Exercise inputs:
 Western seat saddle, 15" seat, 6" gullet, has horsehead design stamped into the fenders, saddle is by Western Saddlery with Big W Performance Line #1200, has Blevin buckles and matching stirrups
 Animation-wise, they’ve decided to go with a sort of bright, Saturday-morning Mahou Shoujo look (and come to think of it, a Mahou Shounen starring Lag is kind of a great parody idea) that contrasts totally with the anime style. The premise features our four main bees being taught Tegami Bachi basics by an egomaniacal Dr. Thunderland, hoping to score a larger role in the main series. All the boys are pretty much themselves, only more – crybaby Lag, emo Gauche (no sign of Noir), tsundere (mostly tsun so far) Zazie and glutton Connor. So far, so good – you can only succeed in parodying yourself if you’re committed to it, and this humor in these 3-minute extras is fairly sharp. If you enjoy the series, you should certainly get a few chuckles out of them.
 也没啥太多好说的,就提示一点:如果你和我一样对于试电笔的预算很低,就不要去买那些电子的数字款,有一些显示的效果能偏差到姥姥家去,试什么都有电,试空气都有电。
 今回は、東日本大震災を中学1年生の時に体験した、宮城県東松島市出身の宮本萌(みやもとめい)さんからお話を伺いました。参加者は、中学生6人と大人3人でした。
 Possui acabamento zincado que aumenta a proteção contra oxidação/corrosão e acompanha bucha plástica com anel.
...
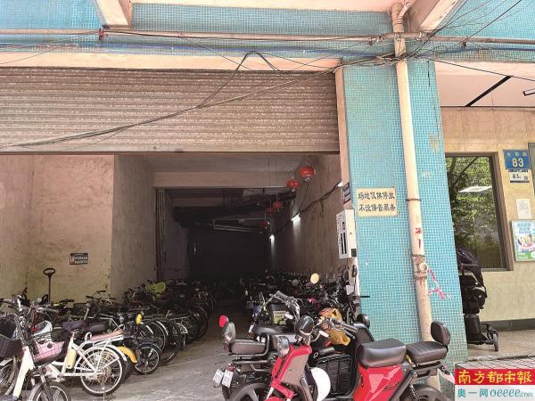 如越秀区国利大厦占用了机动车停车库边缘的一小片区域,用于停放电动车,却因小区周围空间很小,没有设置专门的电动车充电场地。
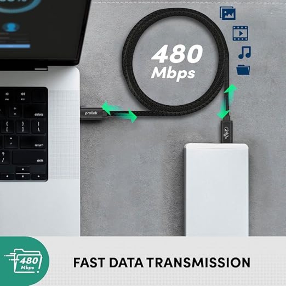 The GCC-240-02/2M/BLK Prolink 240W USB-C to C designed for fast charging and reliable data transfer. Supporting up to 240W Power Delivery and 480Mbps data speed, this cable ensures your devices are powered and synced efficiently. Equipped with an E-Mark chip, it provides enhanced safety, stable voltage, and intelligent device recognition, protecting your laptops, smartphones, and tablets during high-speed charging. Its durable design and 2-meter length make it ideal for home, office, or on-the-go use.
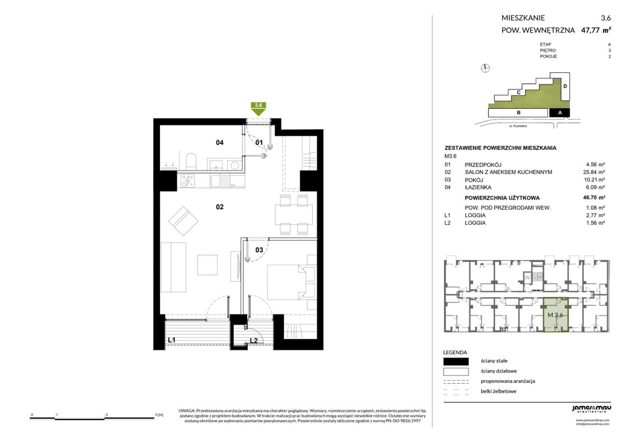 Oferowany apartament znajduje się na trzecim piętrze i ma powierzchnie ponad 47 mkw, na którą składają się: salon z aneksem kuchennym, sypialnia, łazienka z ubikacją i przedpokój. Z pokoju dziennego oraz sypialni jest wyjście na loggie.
---
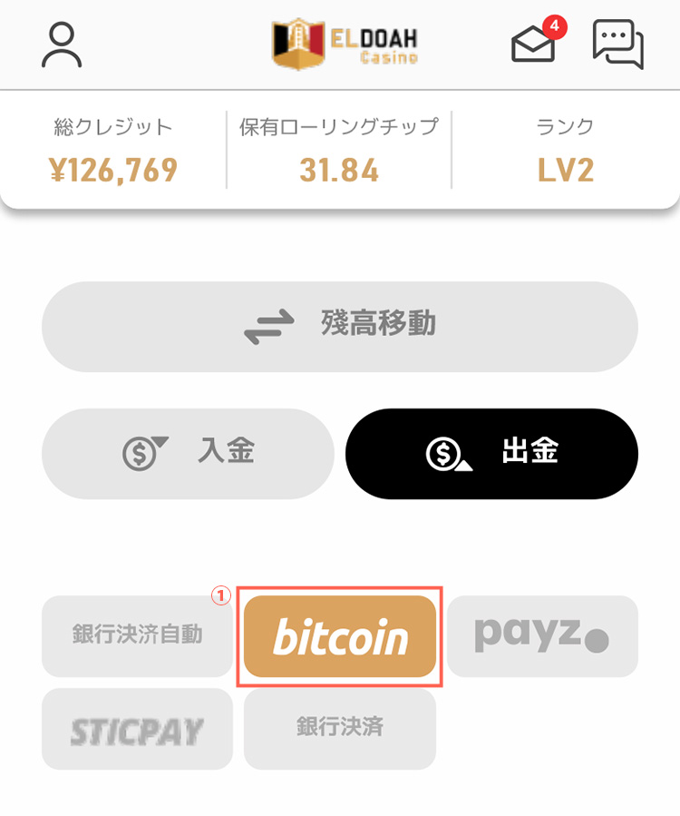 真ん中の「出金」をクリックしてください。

Problem description: In the listing above, transcribe exactly everything from the line containing "and matching stirrups" down to the line containing "Possui acabamento zincado", including both and nothing more.

Written response:
 Western seat saddle, 15" seat, 6" gullet, has horsehead design stamped into the fenders, saddle is by Western Saddlery with Big W Performance Line #1200, has Blevin buckles and matching stirrups
 Animation-wise, they’ve decided to go with a sort of bright, Saturday-morning Mahou Shoujo look (and come to think of it, a Mahou Shounen starring Lag is kind of a great parody idea) that contrasts totally with the anime style. The premise features our four main bees being taught Tegami Bachi basics by an egomaniacal Dr. Thunderland, hoping to score a larger role in the main series. All the boys are pretty much themselves, only more – crybaby Lag, emo Gauche (no sign of Noir), tsundere (mostly tsun so far) Zazie and glutton Connor. So far, so good – you can only succeed in parodying yourself if you’re committed to it, and this humor in these 3-minute extras is fairly sharp. If you enjoy the series, you should certainly get a few chuckles out of them.
 也没啥太多好说的,就提示一点:如果你和我一样对于试电笔的预算很低,就不要去买那些电子的数字款,有一些显示的效果能偏差到姥姥家去,试什么都有电,试空气都有电。
 今回は、東日本大震災を中学1年生の時に体験した、宮城県東松島市出身の宮本萌(みやもとめい)さんからお話を伺いました。参加者は、中学生6人と大人3人でした。
 Possui acabamento zincado que aumenta a proteção contra oxidação/corrosão e acompanha bucha plástica com anel.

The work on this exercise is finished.